Indexing with SolrJ

| By

Tags: #Data Import Handler#SolrJ#Tika

Two popular methods of indexing existing data are the Data Import Handler (DIH) and Tika (Solr Cell)/ExtractingRequestHandler. These can be used to index data from a database or structured documents (say Word documents, or PDF or….). These are great tools for getting things up and running quickly, and I have seen productions sites that work well with one or both of these tools.

OK, then why talk about SolrJ?

Well, somewhere in the architectural document are two boxes that have labels like this, connected by an arrow:

Solr Server  ——-miraculous connection——-> datasource

Oh, all right.
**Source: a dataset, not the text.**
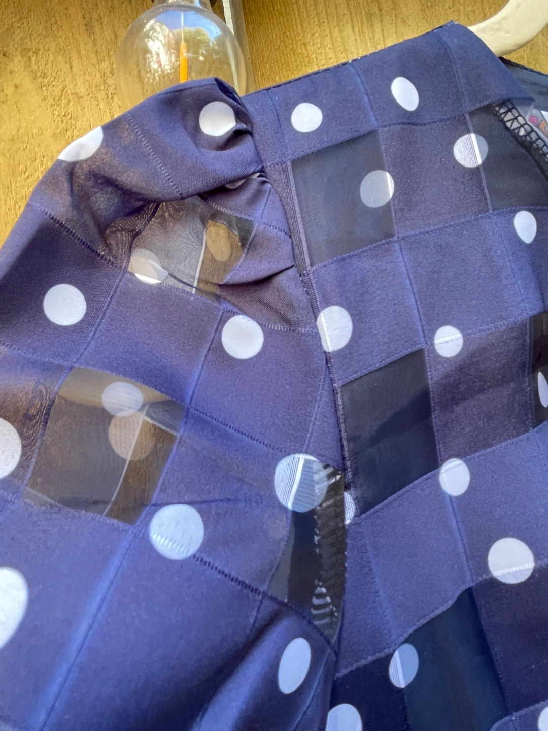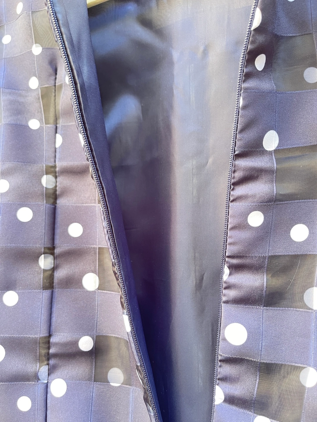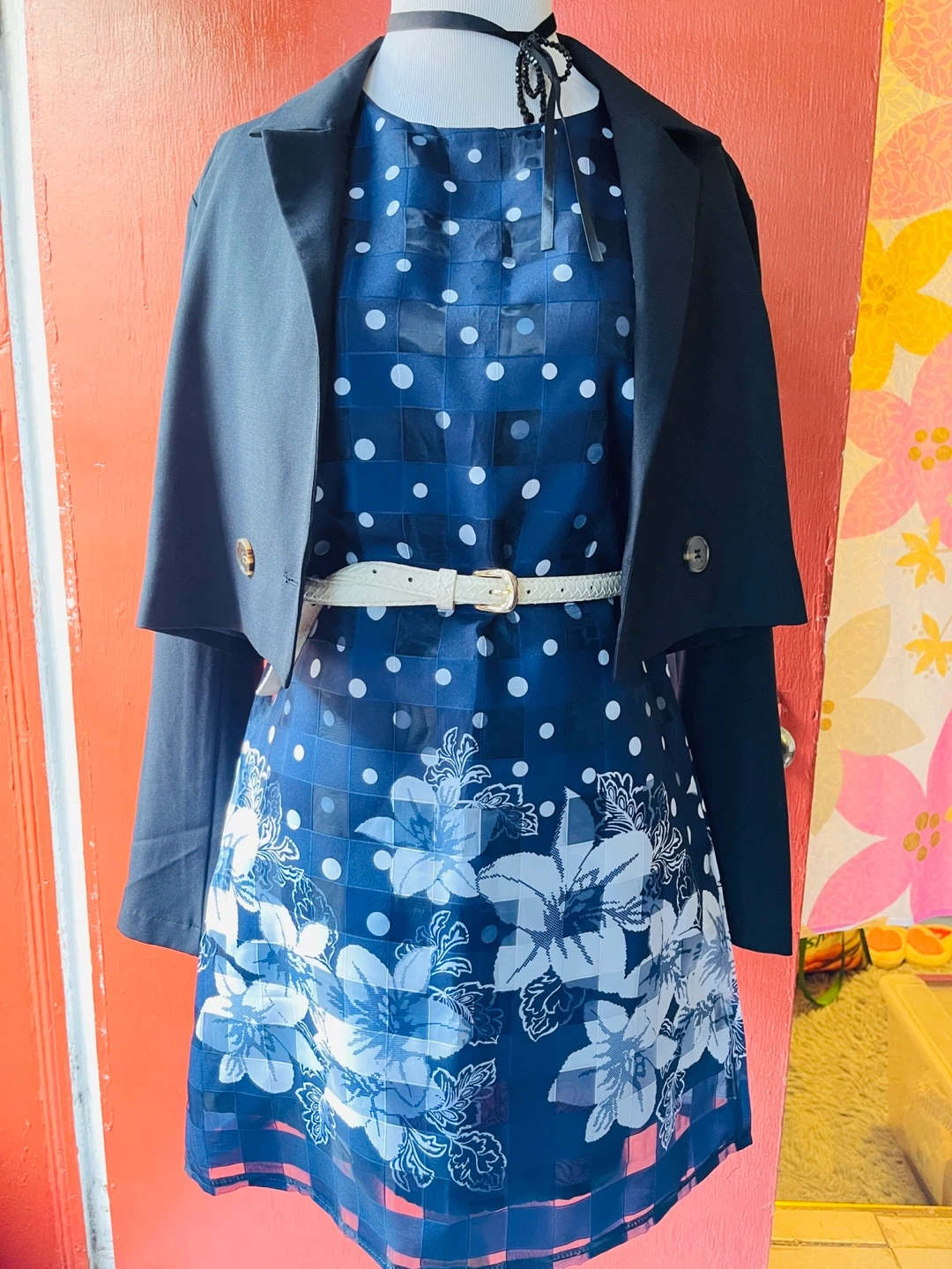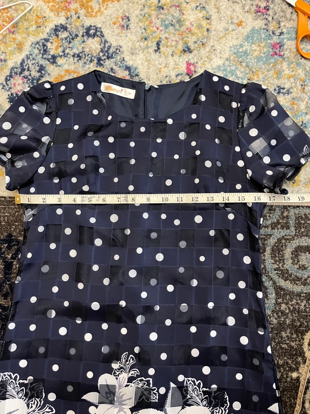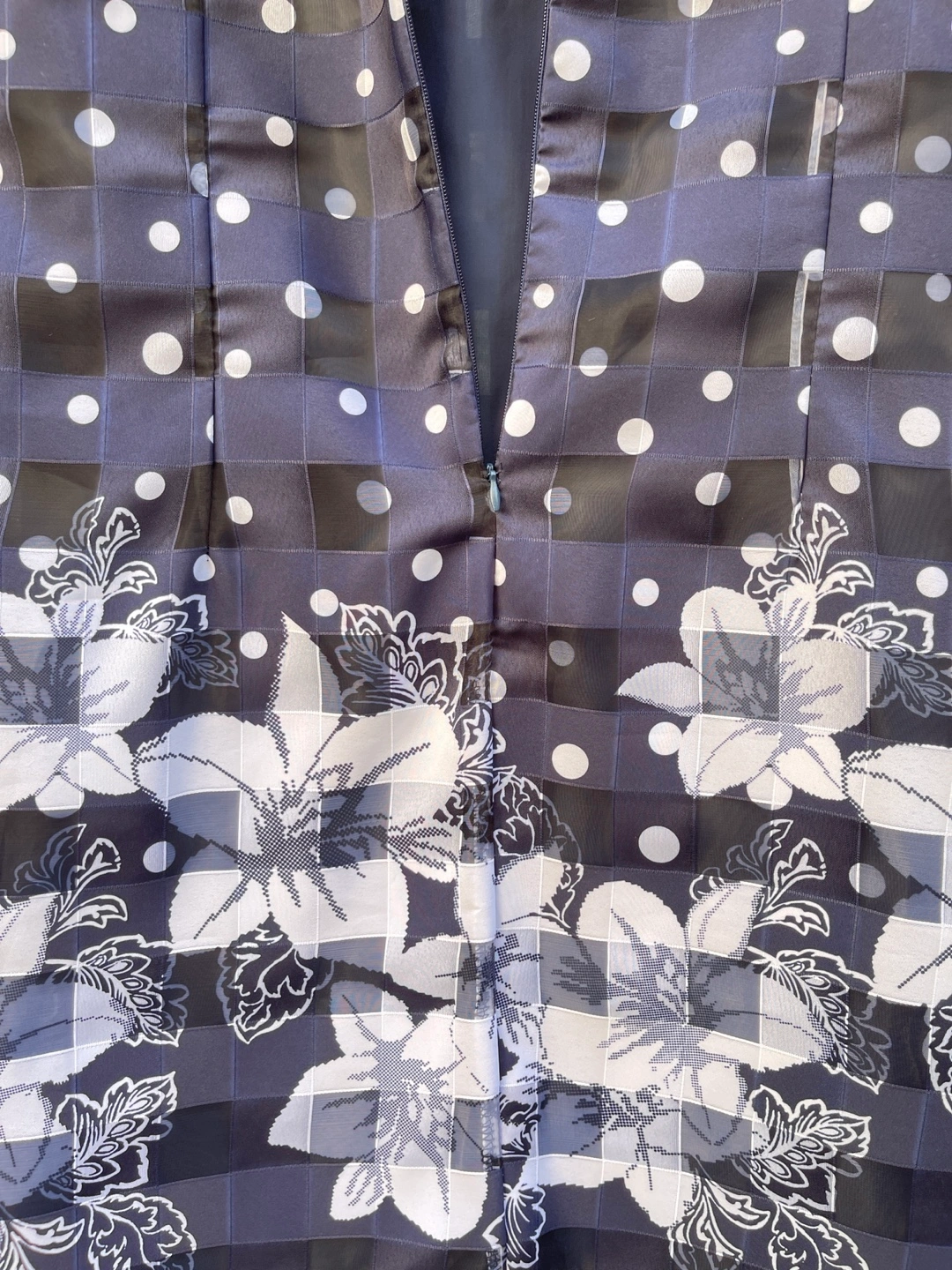 Blue and white polka dot and floral dress with a checkered pattern. Short sleeves and a zipper in the back. Size M.

Rarely is the connector between the Solr Server/Indexer and the data it’s going to index labeled “miraculous connection”, but I sometimes wish people would be more honest about it. All sorts of things can get in the way here, I’ll mention 0.01% of them:

  • The security people WILL NOT “just open the database for the IP address of the Solr indexer, please”.
  • Actually, it’s not one datasource. It’s three. At least. And, by the way, you really need to cache data from database 1 or performance will die. Don’t forget that each of them requires different credentials.
  • Did I mention that the “miraculous connection” is where our business rules that have to be encoded into the Solr documents live?
  • Hey! I thought we could run the documents through categorization during this step!
  • Actually, the meta-data lives in the DB, and you take that information then query the file server which will deliver the document to you.
  • We’re indexing movies. Right, you only want the metadata. What? Solr is going to throw 99.99999% of the data away after you’ve transmitted how much data over my network?
  • <insert your favorite problem here>

And this doesn’t even mention that DIH and Tika are run on the server. That is, the Solr indexer is doing all the work and the poor thing can only go so fast (alright, it blazes, but parsing a bazillion PDF/Word/Excel documents is quite a load for a single machine).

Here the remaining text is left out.